Xiao Yan dengan hati-hati membuka gulungan itu. Dia sekilas melihat pengantar Metode Qi ini di dalam gulungan, dan alisnya tanpa sadar mengerut. Sesaat kemudian, dia dengan lembut berkata, “Memang berdarah. Metode Qi semacam ini terlalu jahat dan juga terlalu kejam. Menelan daging dan darah orang lain untuk menyerap Dou Qi pihak lain. Taktik semacam ini benar-benar kejam.”
Yang disebut Jurus Jahat Darah ini dapat dianggap sebagai Metode Qi tingkat atas bahkan di dalam Sekte Langit Mendalam. Hal ini dapat diamati dari bagaimana Yi Chen berhasil mengandalkannya untuk mencapai puncak kelas Dou Zong ketika ia baru berusia sekitar tiga puluh tahun. Meskipun ada alasan lain seperti bakatnya yang luar biasa, sebagian besar disebabkan oleh proses yang tidak biasa dari Jurus Jahat Darah ini.

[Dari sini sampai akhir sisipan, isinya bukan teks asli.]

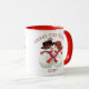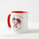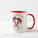 This adorable design features a vintage style, snowman and snow-woman wearing red scarves holiday hats. The text on the right reads "MERRY CHRISTMAS", in red. On the left side the text reads "HAPPY NEW YEAR". This rim and handle on this mug come in ten colors (red shown here).
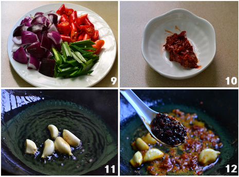 9.洋葱切成块,红椒洗净切块,青蒜苗洗净切成长段。
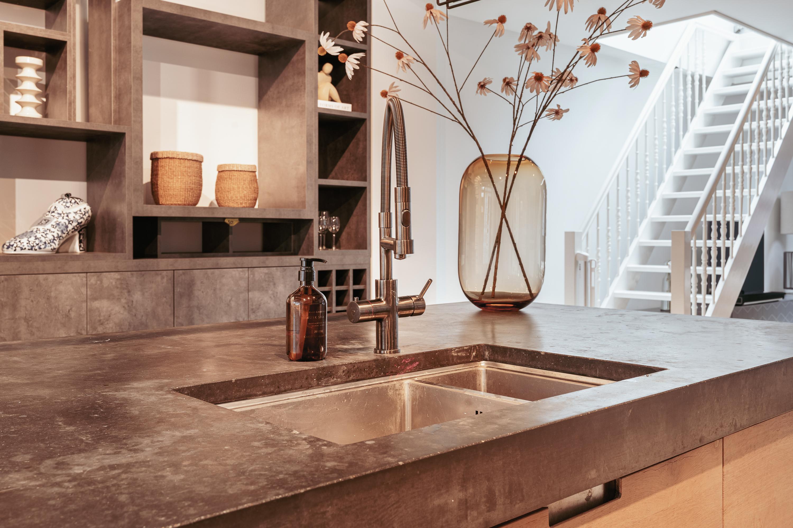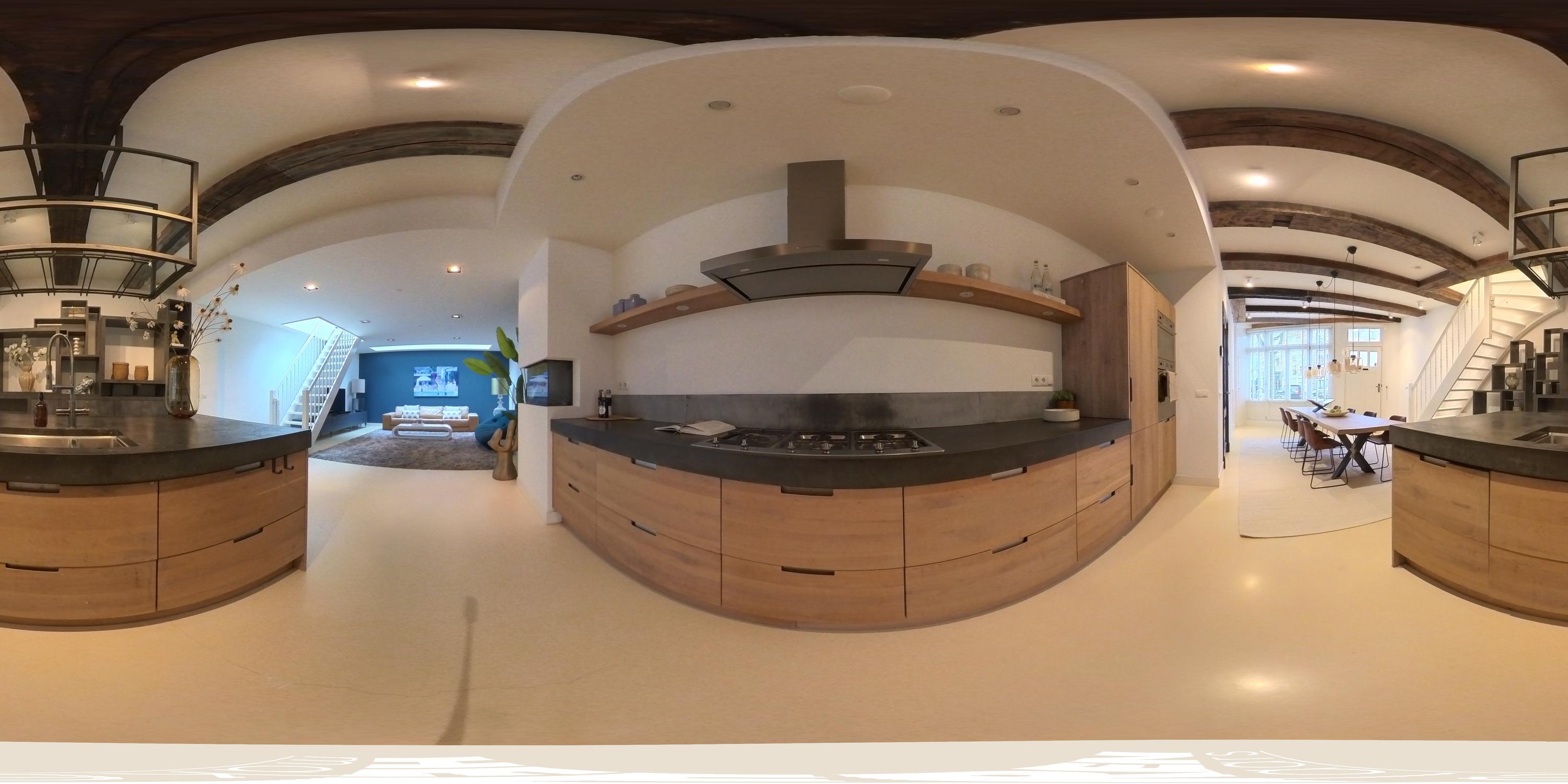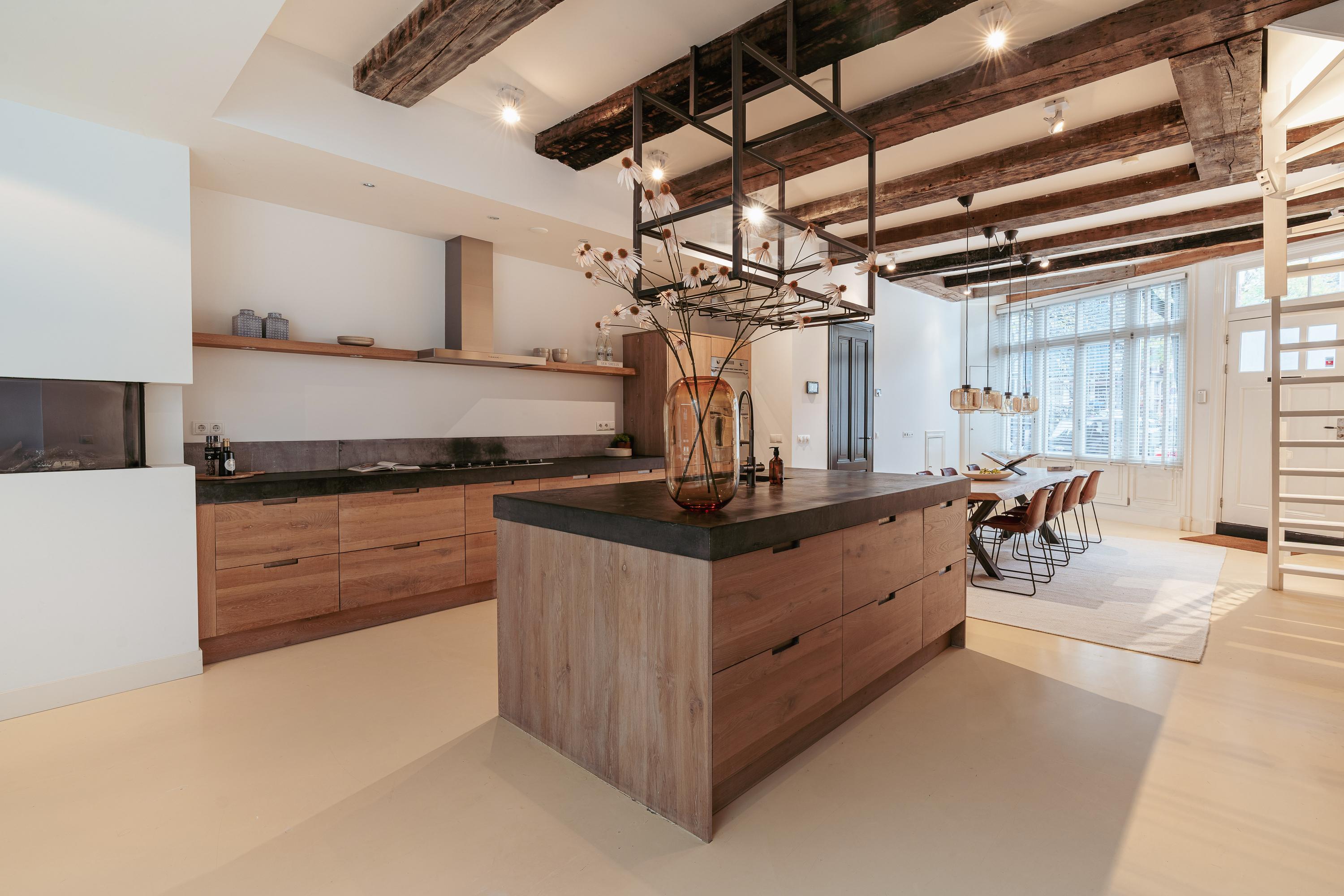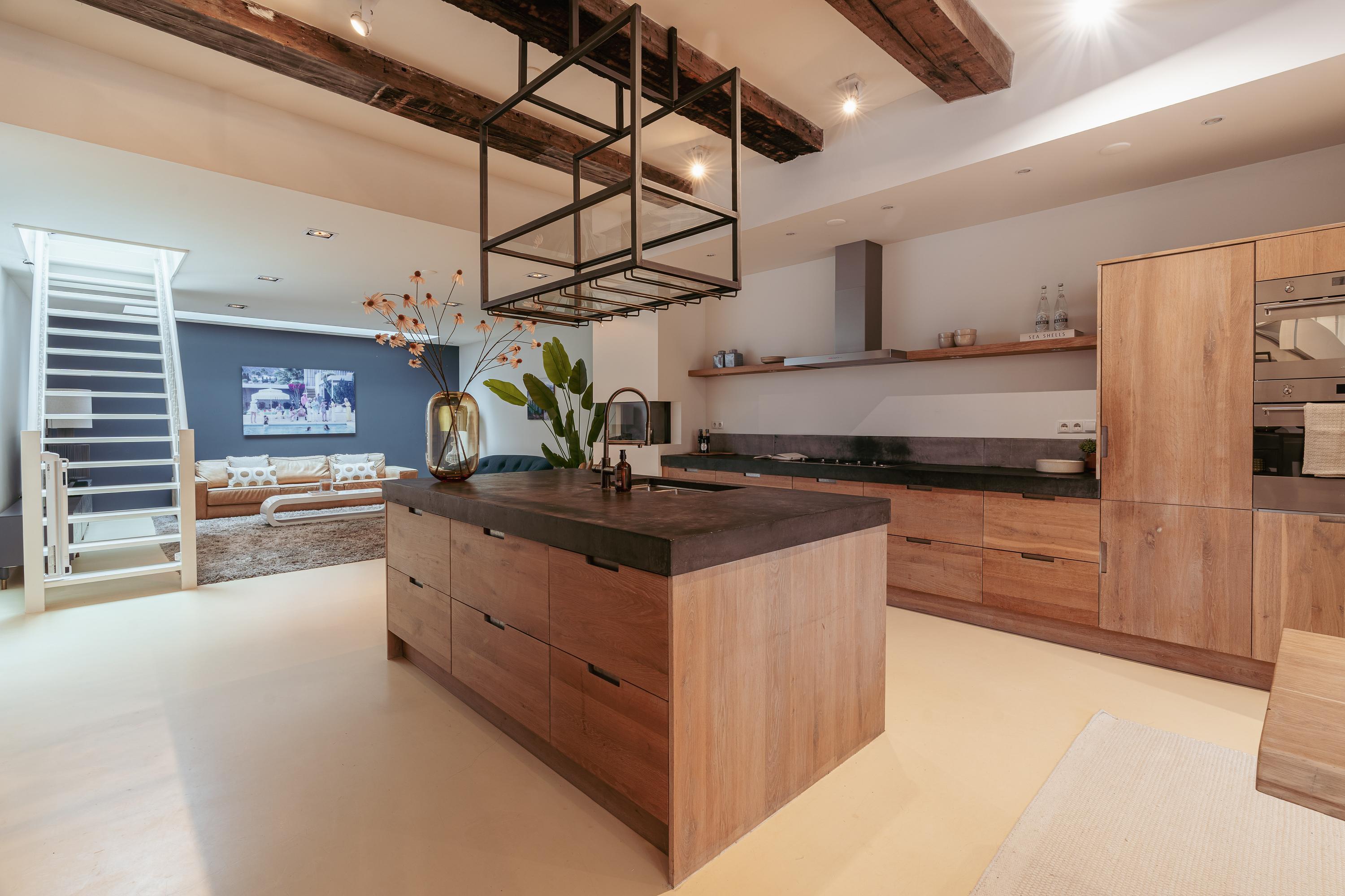 Centraal op deze verdieping ligt de royale woonkeuken van ca. 39 m², uitgevoerd met een groot kookeiland en luxe inbouwapparatuur zoals vaatwasser, 5 pits gasfornuis, koel-vriescombinatie, magnetron en oven. De combinatie van warm hout, een stenen werkblad en een strak design geeft de keuken een hoogwaardige en uitnodigende uitstraling. Het kookeiland biedt volop werkruimte en de op maat gemaakte kastenwand biedt veel bergruimte. Aan de voorzijde is ruim plaats voor een grote eettafel: ideaal voor gezellige diners, borrels en lange avonden aan tafel.

“Namun, taktik yang mengandalkan penyerapan kekuatan orang lain untuk menjadi lebih kuat ini tidak dianggap sebagai taktik yang bagus. Jika seseorang menyerap terlalu banyak Dou Qi, Dou Qi-nya sendiri akan sulit menjadi murni. Setelah mencapai level tertentu, seseorang akan kesulitan untuk maju bahkan sejengkal pun. Kecuali jika seseorang menyebarkan kekuatannya dan berlatih ulang, seseorang bahkan akan secara bertahap menderita efek samping dari Dou Qi yang tidak murni.”

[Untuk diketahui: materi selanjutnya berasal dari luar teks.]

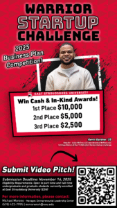 EAST STROUDSBURG, Pa. – East Stroudsburg University’s Entrepreneurial Leadership Center (ELC) is calling on all student innovators to take the first step toward launching their business ideas. Round 1 of the 2025–2026 Warrior Startup Challenge is officially underway, with video submissions due by midnight on Sunday, November 16, 2025.
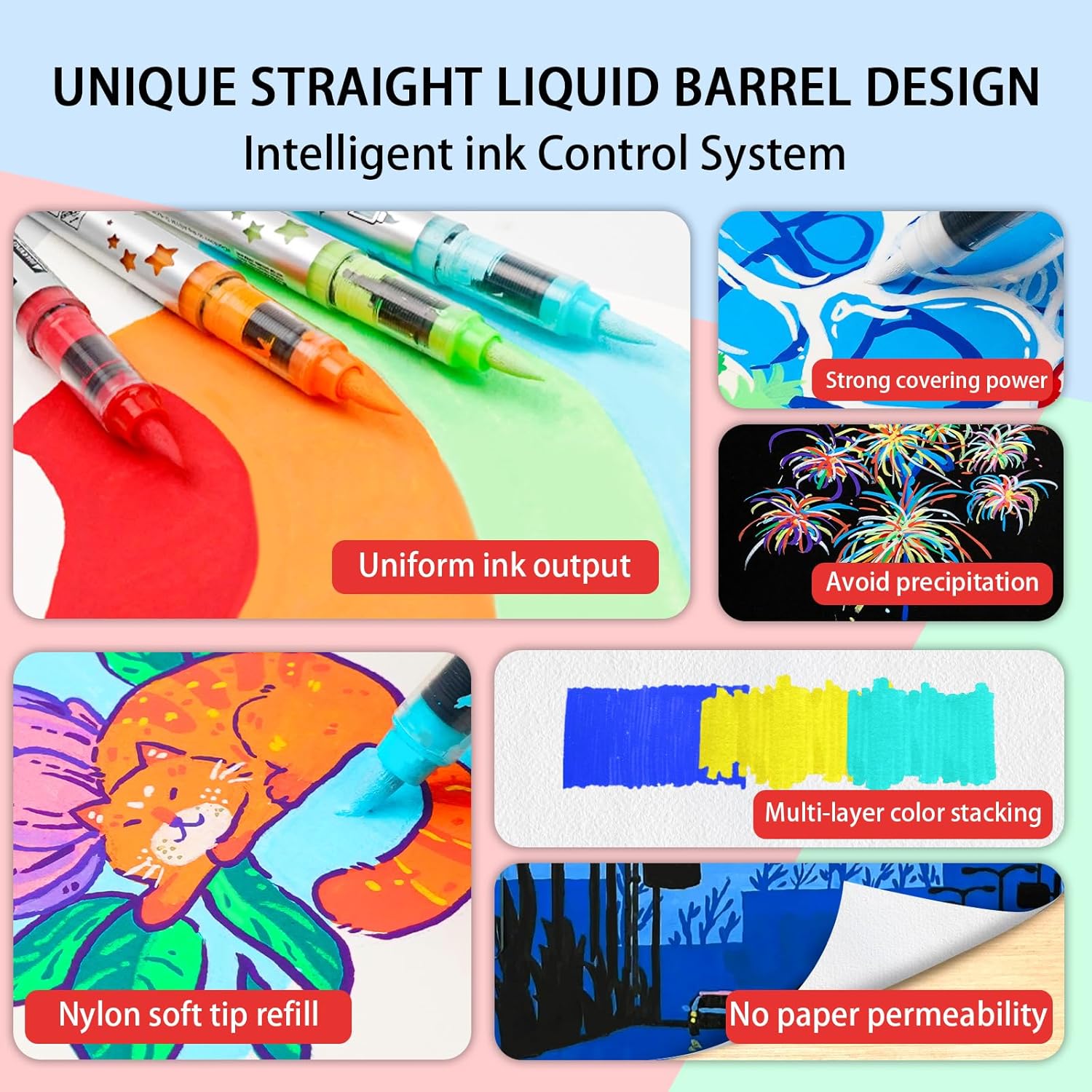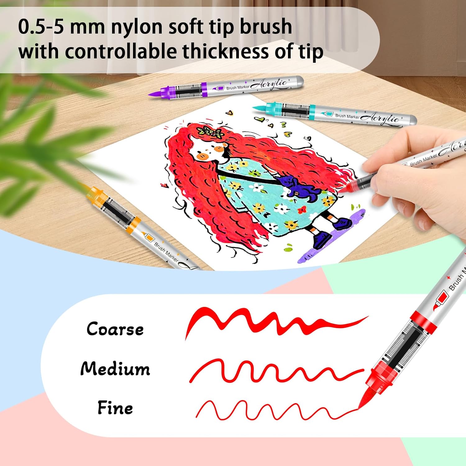 - 【Unique Straight Liquid Barrel Design:】 Acrylic paint markers with straight liquid ink filling, comes with intelligent ink control system, uniform and not easy to leak. 0.5-5 mm nylon soft tip brush nib, smooth and fluid painting, this acrylic marker pens is an art supplies to meet all your creative needs.
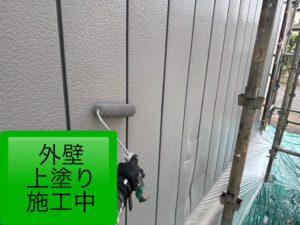 センターサイディングは種類にもよりますが、今回は目地が多く、模様もついており、塗り忘れ・カスレ防止でローラーと刷毛を別々の作業に分け、しっかりと丁寧に施工させて頂きました💪
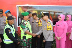 TULUNGAGUNG – Kapolres Tulungagung AKBP Teuku Arsya Khadafi, S.H., S.I.K., M.H., didampingi Ketua Bhayangkari Cabang Tulungagung Ny. Dini Arsya Khadafi mengunjungi Pos Pengamanan (Pos Pam) dan Pos Pelayanan (Pos Yan) Ops Lilin Semeru 2023 di Kabupaten Tulungagung.
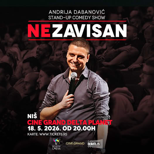 Niška publika imaće priliku da uživa u vrhunskom humoru jednog od najpopularnijih komičara regiona. U nedelju, 18. maja, sa početkom u 20 časova, bioskop Cine Grand Delta Planet postaće epicentar smeha kada na scenu stupi Andrija Dabanović sa svojim novim stand-up projektom pod nazivom „Nezavisan“.
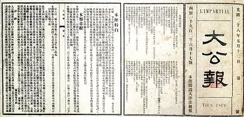 Ta Kung Pao (simplified Chinese: 大公报; traditional Chinese: 大公報; French: L'Impartial[1]: 7 [2]) was one of the most influential newspapers of the Republic of China until 1949.[3][4]: 98

Setelah membaca sekilas apa yang disebut Keterampilan Jahat Darah ini, Xiao Yan juga berhasil menemukan beberapa kekurangan dari Metode Qi ini. Hal ini memungkinkan seseorang untuk tumbuh kuat dengan cepat, tetapi akibatnya benar-benar terlalu besar. Selain itu, prosesnya juga sangat kejam dan berdarah. Kecuali jika seseorang secara alami dingin dan acuh tak acuh, seseorang tidak akan mampu mempraktikkan Metode Qi semacam ini.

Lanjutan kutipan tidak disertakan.